If you are using this toolbox in your research please cite the following paper:

@Article{mixest,
author = {Reshad Hosseini and Mohamadreza Mash'al},
title = {MixEst: An Estimation Toolbox for Mixture Models},
year = {to appear},
url = {http://visionlab.ut.ac.ir/mixest}
}

Our toolbox depends on Manopt toolbox for doing manifold optimization, please cite the following paper if you are using manifold optimization methods of the toolbox.

@Article{manopt,
  author  = {Nicolas Boumal and Bamdev Mishra and P.-A. Absil and Rodolphe Sepulchre},
  title   = {{M}anopt, a {M}atlab Toolbox for Optimization on Manifolds},
  journal = {Journal of Machine Learning Research},
  year    = {2014},
  volume  = {15},
  pages   = {1455--1459},
  url     = {http://www.manopt.org}
}

If you are using manifold LBFGS method, please cite the following paper:

@Article{gopt,
  title={Conic Geometric Optimization on the Manifold of Positive Definite Matrices},
  author={Sra, Suvrit and Hosseini, Reshad},
  journal={SIAM Journal on Optimization},
  volume={25},
  number={1},
  pages={713--739},
  year={2015},
  publisher={SIAM}
}

Overview

Using MixEst, you can fit arbitrary distributions (usually mixture models) to your data set by various optimization techniques, with minimal effort.
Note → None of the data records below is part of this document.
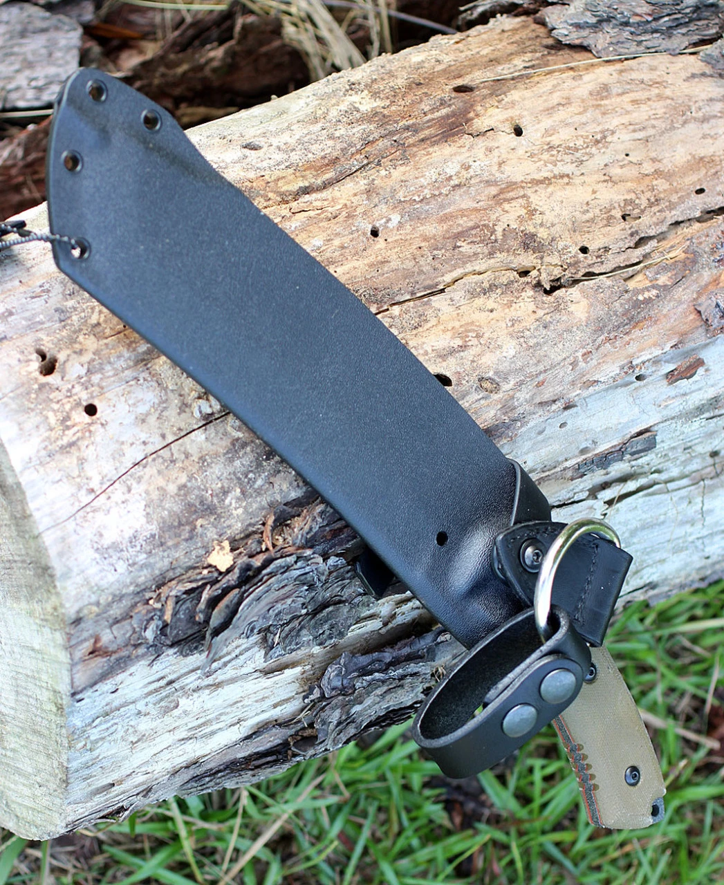 The Tundra Trekker comes with our robust Tactical Stone powder coat finish, Green Canvas Micarta, and an open-backed Kydex sheath with a leather dangler to make it easy to carry through thick brush and trees. It will excel in anything from chopping wood, to making traps and tent pegs, clearing brush, and whatever else you might decide to throw its way.
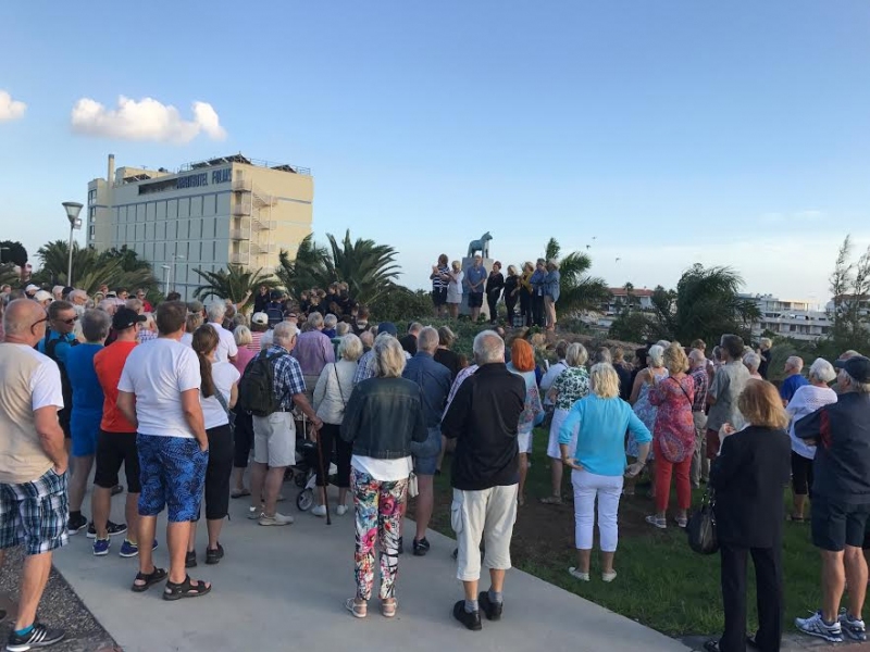 El acto se desarrolló en los jardines públicos situados a pocos metros del Aparthotel Folías, donde en noviembre del año 2012, coincidiendo con la celebración del cincuentenario del destino turístico Maspalomas Costa Canaria, el Ayuntamiento ubicó una escultura del famoso icono nórdico donado al municipio por la comunidad sueca.
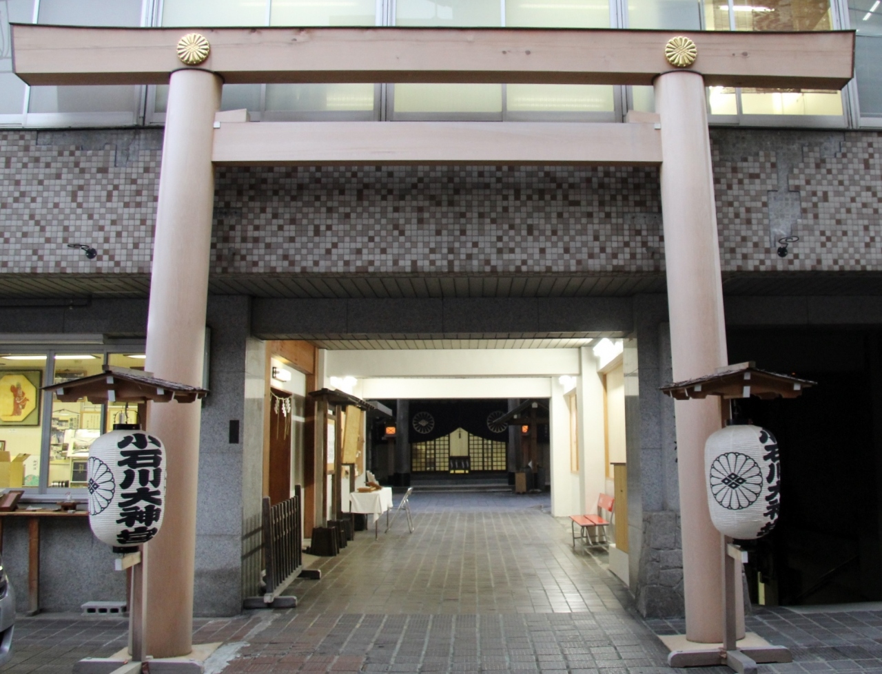 事前に文京シビックセンター展望台から小石川大神宮を探したが見つからなかったので変だなと思っていましたが、現地に行って納得しました。ビルの狭間に埋もれた感じで神宮のイメージとはかけ離れた空間でした。ビルの真ん前にある鳥居に衝撃を受けました。これでは、展望台から見てもわからないはずです。

The following is the list of what you can do with MixEst:

  • Defining mixtures of arbitrary distributions
  • Estimating the parameters of mixture models using EM algorithm or manifold optimization
  • Avoiding local minima using split&merge algorithms
  • Simultaneous solving local minima and model selection using Competitive EM.
  • Avoiding overfitting by penalized, stochastic manifold optimization or cross-validation
  • Other tools like sampling, AIC, BIC, entropy, KL-divergence, etc.

An example showing the toolbox fitting a mixture on von Mises-Fisher distributions.

An example visualizing the estimation process of a modified version of the Competitive EM (CEM) algorithm on sample 2-D data.